» Input material:
====

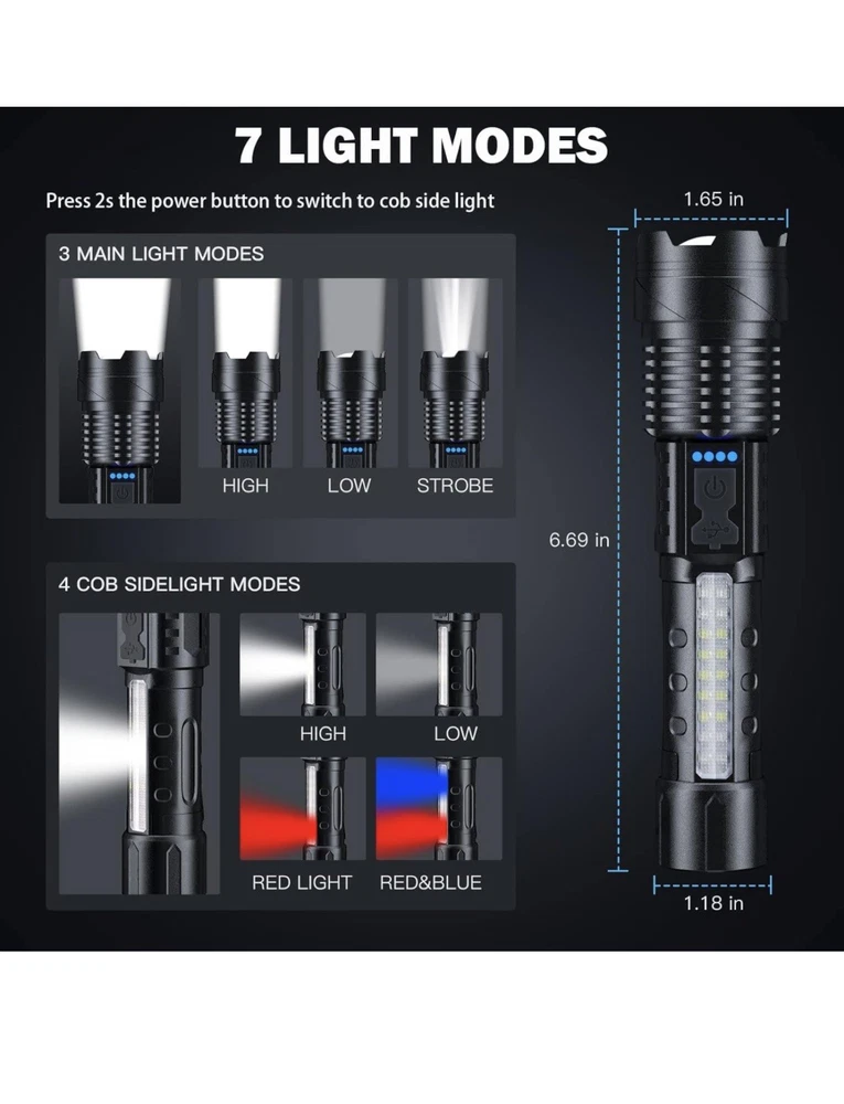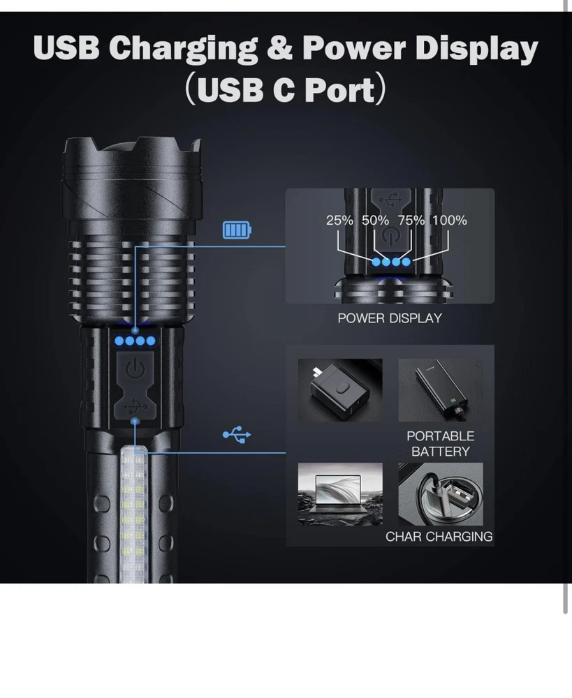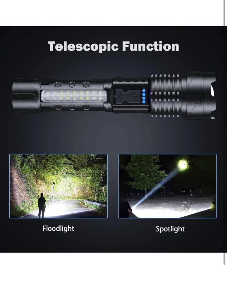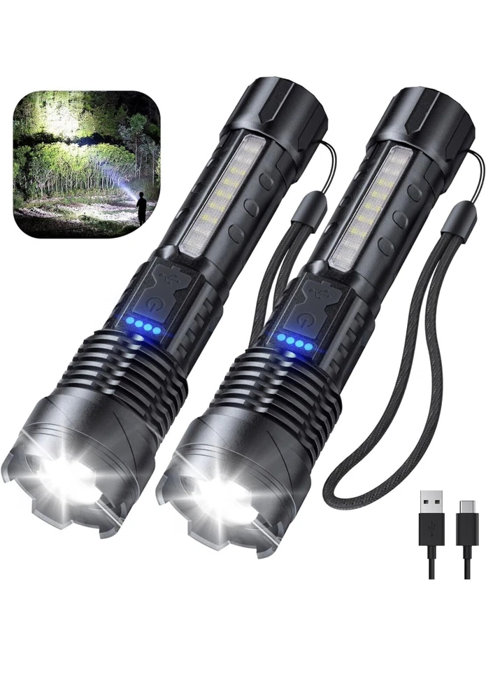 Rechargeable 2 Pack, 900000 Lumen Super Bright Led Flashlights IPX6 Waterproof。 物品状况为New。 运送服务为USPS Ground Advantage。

====

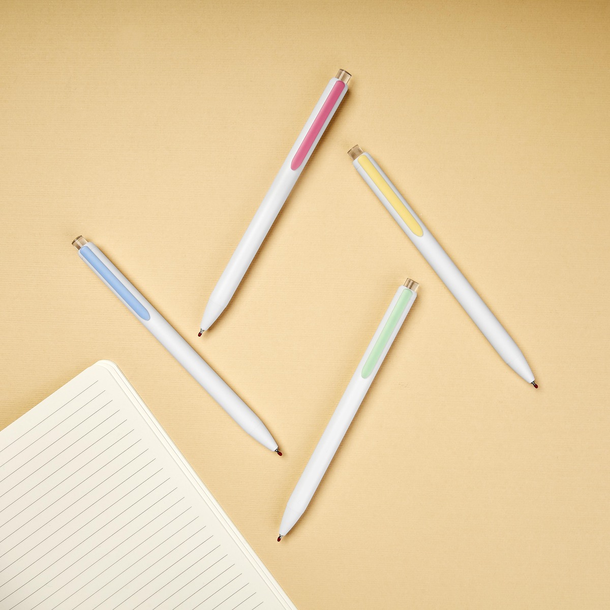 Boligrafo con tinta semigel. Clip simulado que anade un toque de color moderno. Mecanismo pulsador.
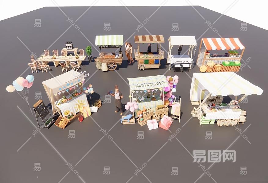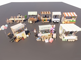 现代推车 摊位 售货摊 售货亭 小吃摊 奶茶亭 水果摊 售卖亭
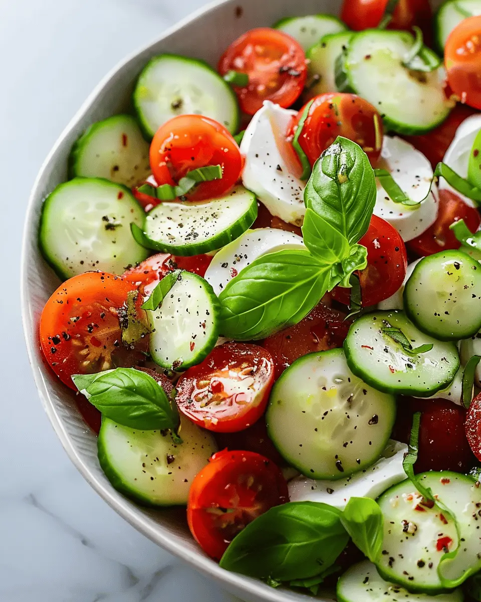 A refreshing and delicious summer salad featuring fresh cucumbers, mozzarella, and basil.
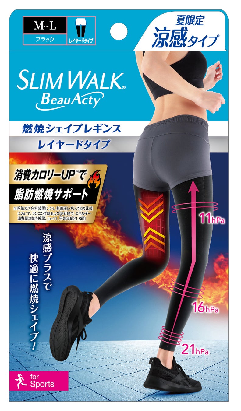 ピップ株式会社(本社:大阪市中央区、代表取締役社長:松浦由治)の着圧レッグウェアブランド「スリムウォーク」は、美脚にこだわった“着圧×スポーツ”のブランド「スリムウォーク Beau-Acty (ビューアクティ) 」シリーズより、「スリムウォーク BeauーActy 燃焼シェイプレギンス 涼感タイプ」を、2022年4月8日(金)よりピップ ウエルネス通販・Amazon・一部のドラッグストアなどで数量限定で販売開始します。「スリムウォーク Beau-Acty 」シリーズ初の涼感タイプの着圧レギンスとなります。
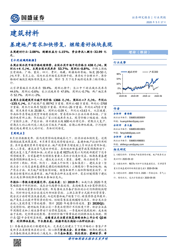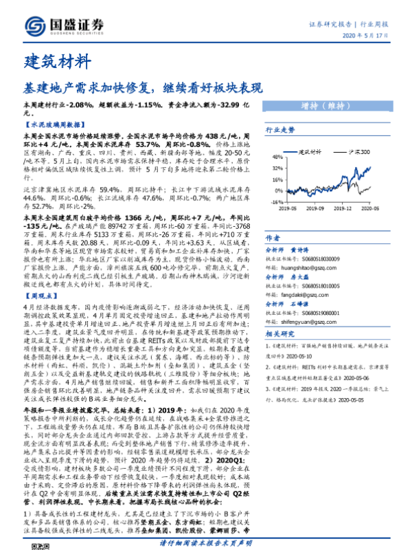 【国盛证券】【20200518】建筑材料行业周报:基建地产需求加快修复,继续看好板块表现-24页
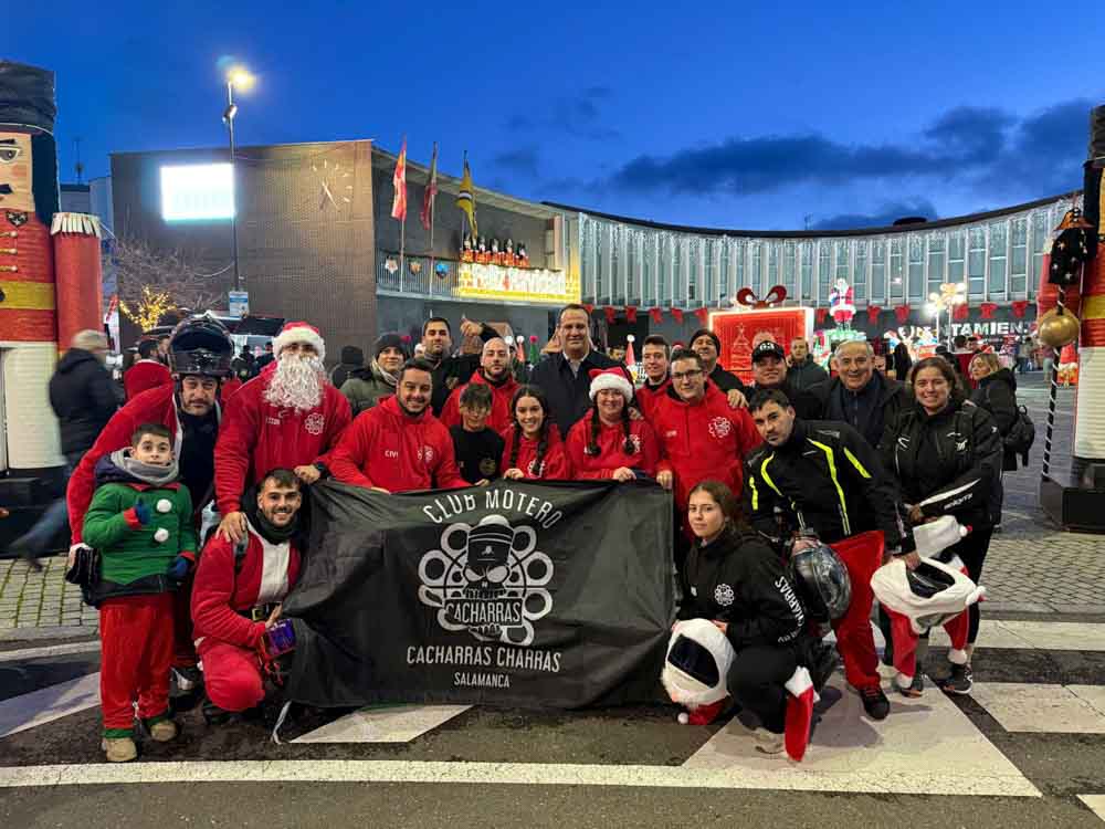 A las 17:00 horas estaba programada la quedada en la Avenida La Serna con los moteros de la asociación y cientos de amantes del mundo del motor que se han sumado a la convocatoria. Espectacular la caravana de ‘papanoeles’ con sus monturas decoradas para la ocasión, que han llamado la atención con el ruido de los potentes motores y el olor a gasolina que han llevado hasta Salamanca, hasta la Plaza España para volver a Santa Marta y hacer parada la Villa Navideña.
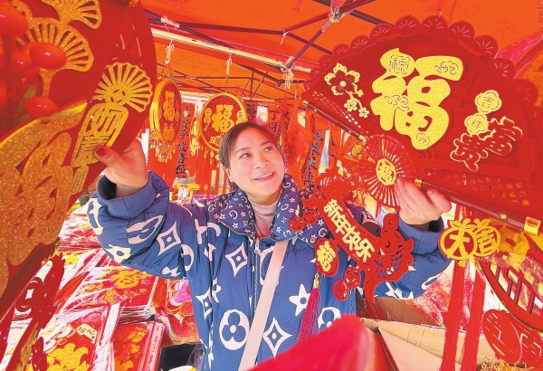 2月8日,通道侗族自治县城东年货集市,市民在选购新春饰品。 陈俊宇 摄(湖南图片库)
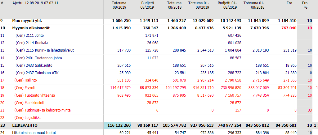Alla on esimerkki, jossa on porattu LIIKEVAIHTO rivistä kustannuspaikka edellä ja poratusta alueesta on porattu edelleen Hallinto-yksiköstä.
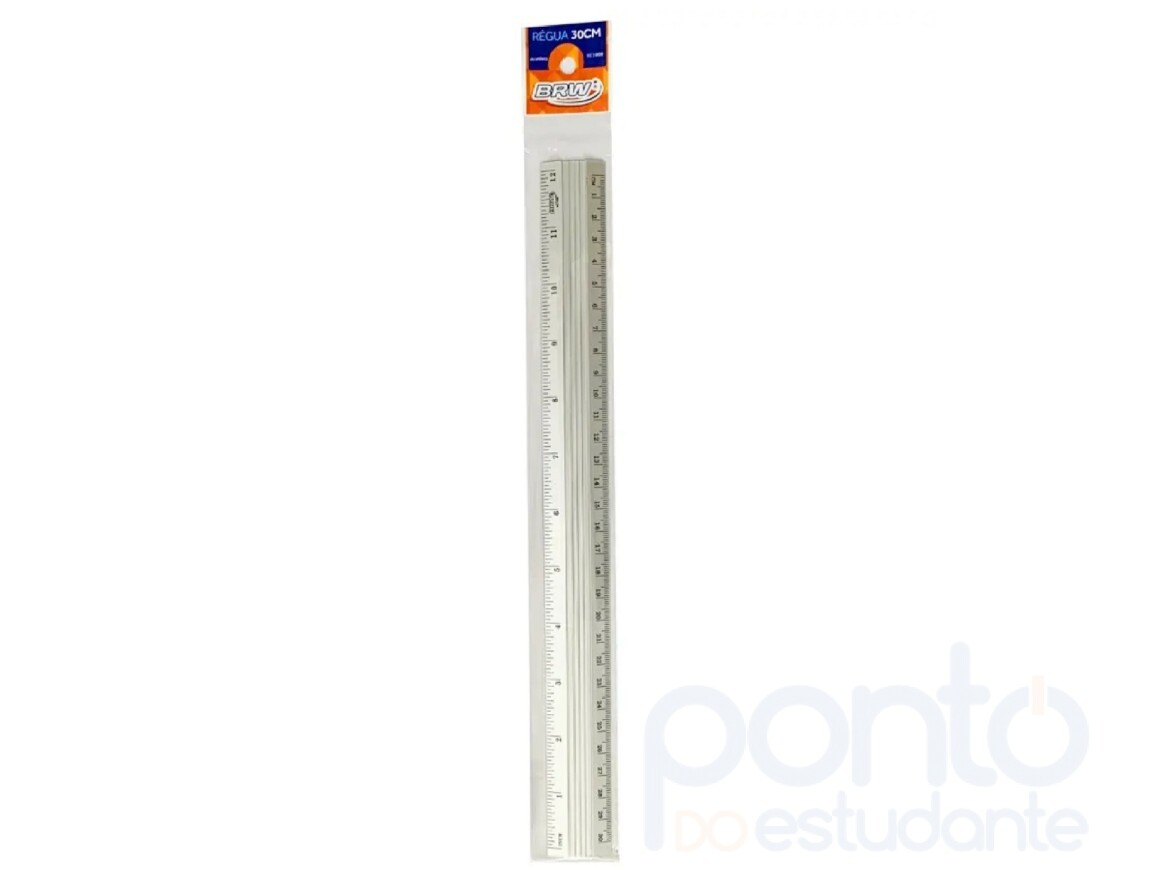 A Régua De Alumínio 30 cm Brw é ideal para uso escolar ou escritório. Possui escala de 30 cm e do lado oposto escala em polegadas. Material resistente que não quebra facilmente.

====

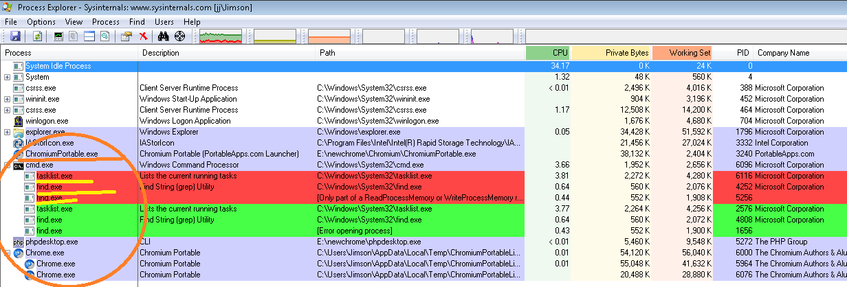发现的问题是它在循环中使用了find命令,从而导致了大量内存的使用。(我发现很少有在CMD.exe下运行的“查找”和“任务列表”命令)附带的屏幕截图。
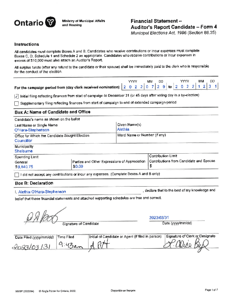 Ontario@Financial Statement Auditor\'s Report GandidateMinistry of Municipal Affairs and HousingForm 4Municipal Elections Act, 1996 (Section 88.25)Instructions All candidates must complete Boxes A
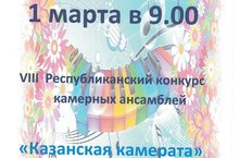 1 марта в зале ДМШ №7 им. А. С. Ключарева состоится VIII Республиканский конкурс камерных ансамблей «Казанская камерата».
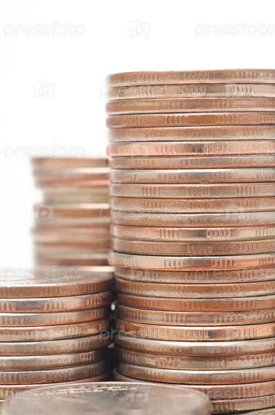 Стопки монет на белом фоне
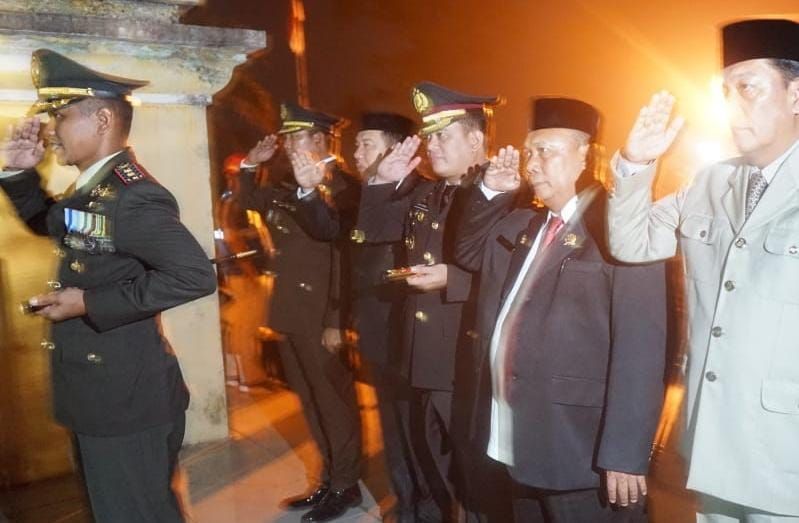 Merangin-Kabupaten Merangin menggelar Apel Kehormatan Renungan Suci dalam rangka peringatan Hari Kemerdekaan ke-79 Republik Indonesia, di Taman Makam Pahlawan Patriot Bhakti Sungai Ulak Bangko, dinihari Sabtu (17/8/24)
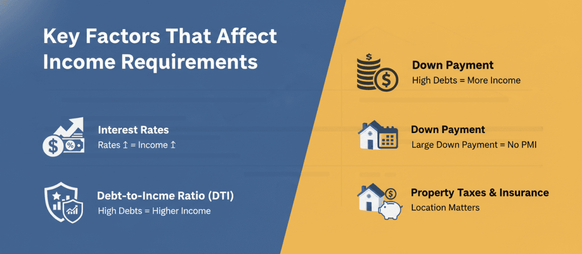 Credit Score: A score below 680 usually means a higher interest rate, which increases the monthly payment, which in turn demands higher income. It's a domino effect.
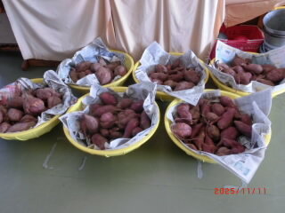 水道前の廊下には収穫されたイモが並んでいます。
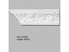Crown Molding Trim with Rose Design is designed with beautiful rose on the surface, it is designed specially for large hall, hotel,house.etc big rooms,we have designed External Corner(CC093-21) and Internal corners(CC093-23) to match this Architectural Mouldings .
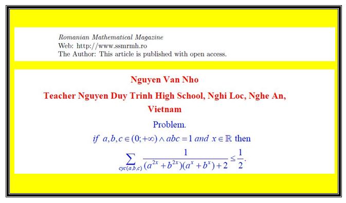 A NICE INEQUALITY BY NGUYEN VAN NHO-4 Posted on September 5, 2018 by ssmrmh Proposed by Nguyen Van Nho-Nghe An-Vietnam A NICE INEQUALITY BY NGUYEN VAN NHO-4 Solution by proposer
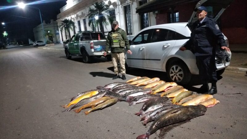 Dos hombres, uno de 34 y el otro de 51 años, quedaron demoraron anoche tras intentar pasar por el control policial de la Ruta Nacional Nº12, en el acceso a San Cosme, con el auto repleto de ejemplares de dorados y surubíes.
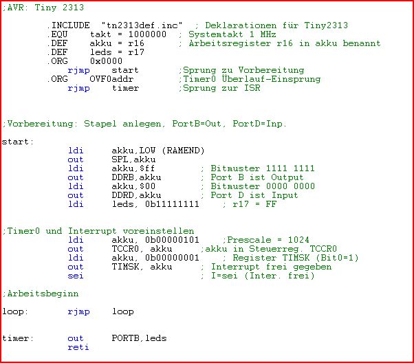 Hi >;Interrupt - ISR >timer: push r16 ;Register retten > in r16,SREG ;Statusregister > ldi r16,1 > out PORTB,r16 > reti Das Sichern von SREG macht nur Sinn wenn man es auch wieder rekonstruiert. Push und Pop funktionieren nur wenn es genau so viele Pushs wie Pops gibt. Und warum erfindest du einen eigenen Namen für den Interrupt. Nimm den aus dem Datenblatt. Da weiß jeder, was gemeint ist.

====

Repeat exactly the lines above, from the line that contains "Merangin-Kabupaten Merangin menggelar" down through the line that contains "Hi >;Interrupt - ISR". Include both of those lines and none of the pictures.

 Merangin-Kabupaten Merangin menggelar Apel Kehormatan Renungan Suci dalam rangka peringatan Hari Kemerdekaan ke-79 Republik Indonesia, di Taman Makam Pahlawan Patriot Bhakti Sungai Ulak Bangko, dinihari Sabtu (17/8/24)
 Credit Score: A score below 680 usually means a higher interest rate, which increases the monthly payment, which in turn demands higher income. It's a domino effect.
 水道前の廊下には収穫されたイモが並んでいます。
Crown Molding Trim with Rose Design is designed with beautiful rose on the surface, it is designed specially for large hall, hotel,house.etc big rooms,we have designed External Corner(CC093-21) and Internal corners(CC093-23) to match this Architectural Mouldings .
 A NICE INEQUALITY BY NGUYEN VAN NHO-4 Posted on September 5, 2018 by ssmrmh Proposed by Nguyen Van Nho-Nghe An-Vietnam A NICE INEQUALITY BY NGUYEN VAN NHO-4 Solution by proposer
 Dos hombres, uno de 34 y el otro de 51 años, quedaron demoraron anoche tras intentar pasar por el control policial de la Ruta Nacional Nº12, en el acceso a San Cosme, con el auto repleto de ejemplares de dorados y surubíes.
 Hi >;Interrupt - ISR >timer: push r16 ;Register retten > in r16,SREG ;Statusregister > ldi r16,1 > out PORTB,r16 > reti Das Sichern von SREG macht nur Sinn wenn man es auch wieder rekonstruiert. Push und Pop funktionieren nur wenn es genau so viele Pushs wie Pops gibt. Und warum erfindest du einen eigenen Namen für den Interrupt. Nimm den aus dem Datenblatt. Da weiß jeder, was gemeint ist.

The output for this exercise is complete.